Bautista Dadín

Personal information
- Full name: Juan Bautista Dadín
- Date of birth: 20 May 2006 (age 20)
- Place of birth: Balcarce, Buenos Aires
- Height: 1.79 m (5 ft 10+1⁄2 in)
- Position: Forward

Team information
- Current team: Aldosivi (on loan from River Plate)
- Number: 16

Youth career
- Club Los Patos
- 2017–2026: River Plate

Senior career*
- Years: Team / Apps / (Gls)
- 2025–: River Plate / 4 / (0)
- 2026: → Independiente Rivadavia (loan) / 6 / (0)
- 2026–: → Aldosivi (loan) / 5 / (0)

= Bautista Dadín =

Argentine footballer (born 2006)

Juan Bautista Dadín (born 20 May 2006) is an Argentine professional association football player who plays as a forward for Argentine Primera División club Aldosivi, on loan from River Plate.

== Club career ==

=== River Plate ===
Dadín arrived at River Plate in 2017 after passing a trial, following his impressive performances at Los Patos, a club from the Mar del Plata League. During his time in the youth divisions, he show his goal-scoring prowess, being top scorer of the Fifth Division. He made his reserve debut in the 2024 Torneo Proyección. In July 2025 he signed his first professional contract with River until December 2028 and with a release clause of 100 million euros.
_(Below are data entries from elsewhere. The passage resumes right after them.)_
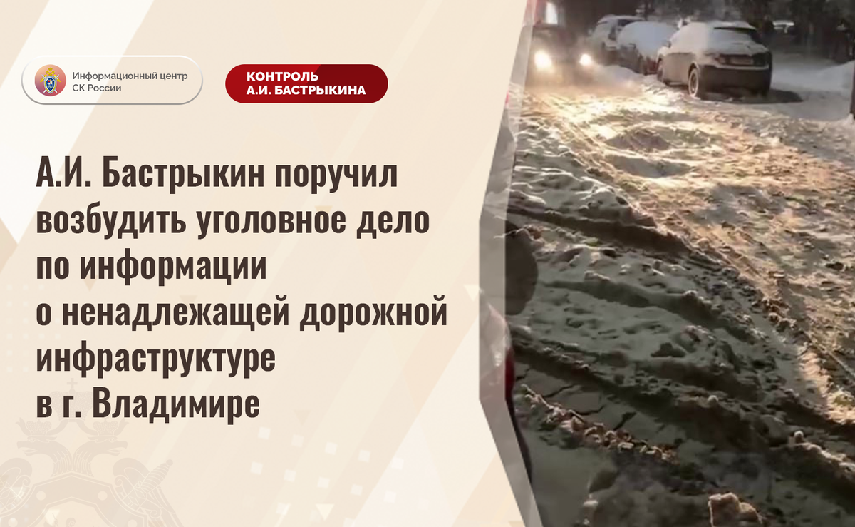 А.И. Бастрыкин поручил возбудить уголовное дело по информации о ненадлежащей дорожной инфраструктуре в г. Владимире В социальной сети сообщается о нарушении прав жителей города Владимира на качественную дорожную инфраструктуру. На протяжении длительного времени дорога, ведущая к школе, находится в непригодном состоянии: асфальтовое покрытие разрушается, на его поверхности образовались глубокие ямы. В результате передвижение по ней граждан небезопасно, а проезд автомобилей, в том числе осуществляющих доставку продуктов в столовую образовательного учреждения, затруднен. Несмотря на имеющиеся нарушения, мер к проведению ремонтных работ не принимается. Председатель Следственного комитета Российской Федерации Александр Иванович Бастрыкин поручил руководителю СУ СК России по Владимирской области Артему Александровичу Кулакову возбудить уголовное дело и доложить о ходе и результатах его расследования. Исполнение поручения поставлено на контроль в центральном аппарате ведомства. #Следственный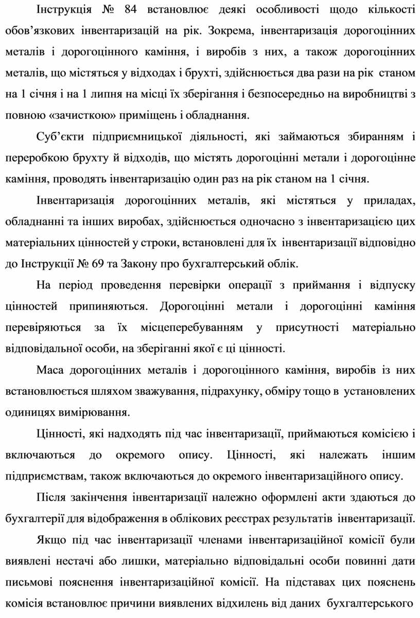 Інструкція № 84 встановлює деякі особливості щодо кількості обов’язкових інвентаризацій на рік. Зокрема, інвентаризація дорогоцінних металів і дорогоцінного каміння, і виробів з них, а також дорогоцінних металів, що містяться у відходах і брухті, здійснюється два рази на рік станом на 1 січня і на 1 липня на місці їх зберігання і безпосередньо на виробництві з повною «зачисткою» приміщень і обладнання.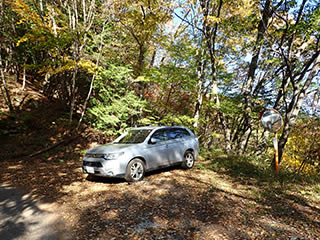 矢立石登山口の駐車場は時間的に一杯だと思い、3つ手前のカーブの路肩が広かったので、ここに駐めました。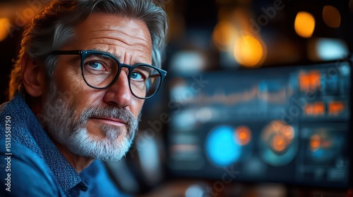 Senior financial advisor at modern desk with multiple monitors, reviewing documents and using calculator.

Dadín made his official debut in the Primera División was the August 2025, coming on as a substitute in the match against Godoy Cruz in 2025 Torneo Clausura.

==== Loan to Independiente Rivadavia ====
After a standout year in the reserves, and 4 decent matches in the first team, he went on loan to Club Sportivo Independiente Rivadavia.

==== Loan to Aldosivi ====
After terminating his loan at Independiente Rivadavia, on July 4th he was loaned to Aldosivi for 18 months.